Would you throw PAV into the mix? (https://github.com/pav-ontology/pav/wiki) I believe it's a PROV-extension/translation that I see as using a more schema.org-style of semantics (e.g. "author" can be a predicate, as in "doi:xxx was authored by bob" instead of "doi:xxx is associated with an entity bob who has a role of author").

I think schema.org is on to a good thing in (re-)defining all these terms in it's own namespace as a mechanism for harmonizing things. However, I also find the current schema.org namespace really lacking in provenance & the stuff DCAT2 dataset has for documenting formats, compression, checksums and the like. I know RDF is quite happy mixing vocabularies, but as a consumer really struggle with consuming such data (because (a) I don't want to run an OWL interpreter on the json-ld, and most OWL files steer away from declaring sameAs equivalences anyway, for good reason, but it makes it very hard to square the two different representations of "author" noted above, for instance).
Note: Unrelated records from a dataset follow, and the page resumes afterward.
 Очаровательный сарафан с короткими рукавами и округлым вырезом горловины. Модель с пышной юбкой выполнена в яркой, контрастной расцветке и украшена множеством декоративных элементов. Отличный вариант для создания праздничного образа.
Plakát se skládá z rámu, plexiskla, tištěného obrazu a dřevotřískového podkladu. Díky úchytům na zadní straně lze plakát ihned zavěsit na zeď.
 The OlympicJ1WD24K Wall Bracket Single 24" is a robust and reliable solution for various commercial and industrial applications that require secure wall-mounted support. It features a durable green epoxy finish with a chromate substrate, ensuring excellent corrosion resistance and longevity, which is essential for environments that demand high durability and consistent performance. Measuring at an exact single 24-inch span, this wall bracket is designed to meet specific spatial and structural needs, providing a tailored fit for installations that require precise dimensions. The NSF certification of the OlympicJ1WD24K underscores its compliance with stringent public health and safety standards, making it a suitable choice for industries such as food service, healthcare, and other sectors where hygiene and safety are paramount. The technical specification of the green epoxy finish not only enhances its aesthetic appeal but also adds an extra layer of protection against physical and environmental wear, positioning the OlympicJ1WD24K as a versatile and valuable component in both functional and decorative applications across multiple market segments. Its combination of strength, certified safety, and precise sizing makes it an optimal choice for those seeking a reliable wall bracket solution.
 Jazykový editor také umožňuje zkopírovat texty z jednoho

amoeba commented 4 years ago

This sounds like a nice unification.

You got me thinking about how this might affect DataONE packaging and I see a few possible scenarios implied:

  1. JSON-LD as supplementary metadata in a traditional DataONE Data Package (i.e., don't replace EML, ISO, etc). Typed as METADATA in DataONE.
  2. JSON-LD as the primary metadata in a traditional DataONE Data Package (i.e., do replace EML, ISO, etc). Typed as METADATA in DataONE.
  3. JSON-LD as alternative to ORE, typed as RESOURCE in DataONE
  4. ORE becomes optional, JSON-LD plays a hybrid role between traditional DataONE Data Package ORE and the primary metadata record. This is a new concept for DataONE. This can also be read as METADATA becomes optional, e.g., you can include your authors, title, etc. in the ORE or your metadata and the result is the same.
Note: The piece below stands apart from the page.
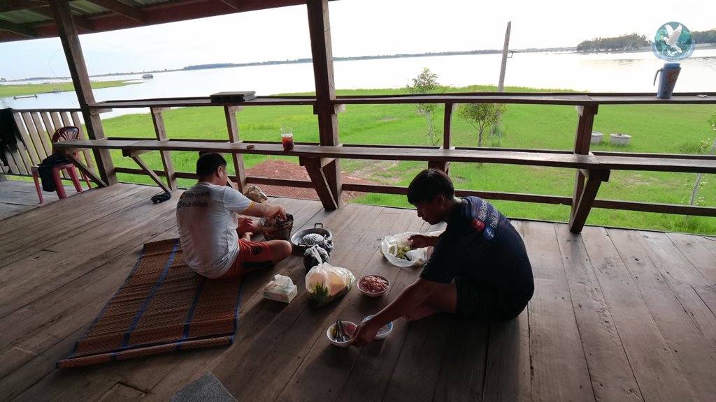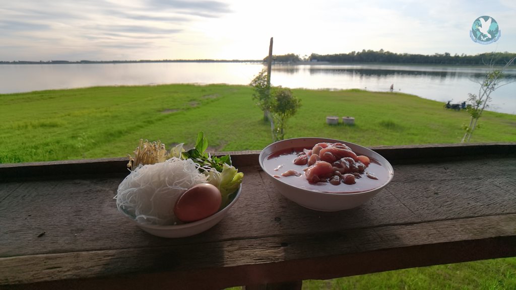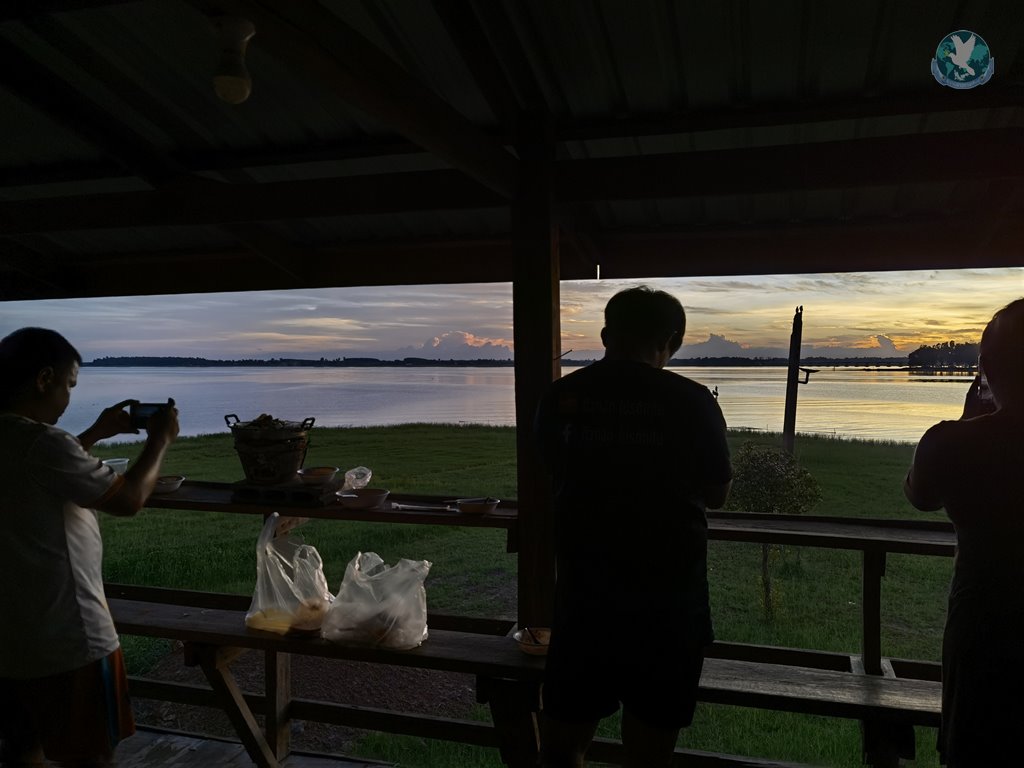 แล้วช่วงเวลาที่ทุกคนรอคอยก็มาถึง เป็นช่วงเวลาประมาณ 18.50 น. แสงอาทิตย์ได้ส่องสะท้อนกระทบผิวน้ำของเขื่อนลำปาว เกิดเป็นประกายแสงสีทองผ่องอำไพ ท้องฟ้ากลายเป็นสีส้มอมทอง ให้ชาวแก๊งค์นี้ได้ชมและถ่ายภาพสวยๆ ไปโพสต์อวดเพื่อนๆ และวันนี้ยังโชคดี ได้ชมนกคู่รัก ที่บินมาเกาะตรงยอดเสาไฟ จู๋จี๋กันทามกลางบรรยากาศยามเย็นที่พระอาทิตย์กำลังอัสดงให้ดูเป็นโบนัสของทริปนี้อีกด้วย

Getting good support for (1) and (2) is important, valuable, and also lower hanging fruit. (3) sounds like a small improvement. (4) is a really cool idea and also a big shift from our current architecture. It looks a lot like an RDF-first approach versus our current hybrid RDF/XML + XML approach. It would mean that information connecting DataONE Objects could come from a variety of sources which is also a very RDF / graph-oriented way of thinking and I wonder if wouldn't then need to power all of this with an RDF triplestore to get full use.